7 декабря Шахназаров сообщил Горбачеву, что американский журнал «Тайм» назвал его «Человеком десятилетия». Реакция Горбачева была исполнена пафоса:
− Бери другой масштаб! Дело не во мне, но масштаб у этого дела (перестройки. — О.М.) вселенский. Ведь речь о том, что мы и страну перевернули, и Европа уже никогда не будет такой, какой была, и мир не вернется к старому. А новизна двоякая. Это — гуманный демократический социализм и общечеловеческая цивилизация. Так что наша новая революция оказалась и на сей раз не только национальной, российской, но и всемирной. По крайней мере положили начало мировой перестройке.

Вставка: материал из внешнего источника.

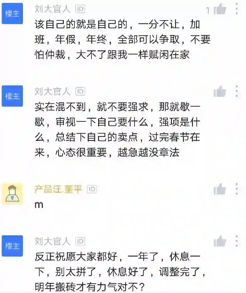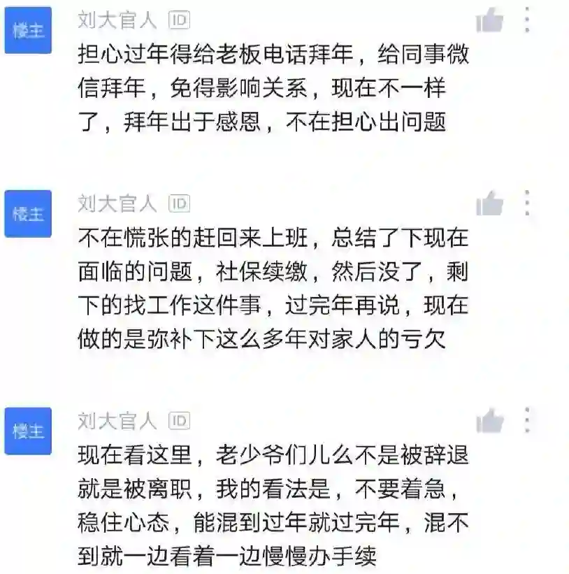 担心过年得给老板电话拜年,给同事微信拜年,免得影响关系,现在不一样了,拜年出于感恩,不在担心出问题,不在慌张的赶回来上班,总结了下现在面临的问题,社保续缴,然后没了,剩下的找工作这件事,过完年再说,现在做的是弥补下这么多年对家人的亏欠。现在看这里,老少爷们儿么不是被辞退就是被离职,我的看法是,不要着急,稳住心态,能混到过年就过完年,混不到就一边看着一边慢慢办手续,该自己的就是自己的,一分不让,加班,年假,年终,全部可以争取,不要怕仲裁,大不了跟我一样赋闲在家。

Вот так. Раньше это называлось «мировая революция», теперь — «мировая перестройка». Хорошо хоть не кровавая, не «на горе всем буржуям».
Временами, как видим, у Горбачева прорывались поистине глобальные честолюбивые мечты. Хотя, если брать конкретно тот момент, это был момент для них совсем не подходящий. Страна была в тупике, перестройка, даже и в пределах Союза, явно пробуксовывала, — что уж тут замахиваться на мировой масштаб!
Единственное утешение для ее автора и инициатора — разве что вот это звание «Человек десятилетия», полученное от авторитетного журнала. Звание, полученное, конечно, вполне заслуженно: не было в мире в минувшие десять лет более значительной личности, чем Горбачев.
Парад суверенитетов продолжается15 декабря Декларацию о государственном суверенитете принял Верховный Совет Киргизии.
Катастрофа все ближе«Министр торговли СССР К. Терех — председателю Совета министров СССР Н. Рыжкову (декабрь 1990 года):
«За 11 месяцев, по данным Госкомстата СССР, в торговлю недопоставлено… товаров народного потребления на 21,7 миллиарда рублей, в том числе продуктов питания — на 4,3 миллиарда рублей… Особую тревогу вызывает снабжение продуктами животноводства населения Москвы и Ленинграда… Из-за неуплаты счетов по текущему году и отсутствия валютных средств для закупки в первом квартале 1991 года Министерство внешних экономических связей не гарантирует поставки в январе продуктов питания, что приведет к срыву снабжения населения городов Москвы, Ленинграда и других централизованных потребителей… Крайне отрицательно скажутся на поставке товаров легкой промышленности сокращение объемов выделяемых средств для закупки этих товаров по импорту…»
БИТВЫ НА СЪЕЗДАХ
У Ельцина начинаются проблемы с «собственным» парламентомПомимо того, что Ельцину приходилось вести войну с горбачевским Центром, перед ним все более угрожающе разворачивалась еще одна линия фронта — линия противостояния с «собственным» российским парламентом, который он возглавлял. Точнее — с весьма значительной коммуно-«патриотической» его частью. Ничего удивительного в этом не было: достаточно вспомнить, с каким трудом в мае на выборах спикера Ельцин одолел Полозкова, самую реакционную в то время фигуру партноменклатуры, да и вообще, с каким незначительным перевесом в голосах был избран. Поклонники Полозкова, явные и скрытые, никуда не делись. Хотя опора Ельцина депутатская группа «Демократическая Россия» по численности несколько превышала противостоящих ему «Коммунистов России» — 370 депутатов против 360, — к «коммунистам» примыкала еще одна антиельцинская группа — «Россия», около сотни членов. Так что вместе они уже составляли на съезде простое большинство. В дальнейшем коммуно-«патриотам» удастся набрать и квалифицированное большинство — две трети депутатов и более, — позволяющее принимать или отменять конституционные законы. Борьба Ельцина, который к тому времени сделается президентом России, с этой реакционной, антиреформаторской группировкой будет становиться все более ожесточенной и закончится, по сути, кратковременной гражданской войной 3–4 октября 1993 года.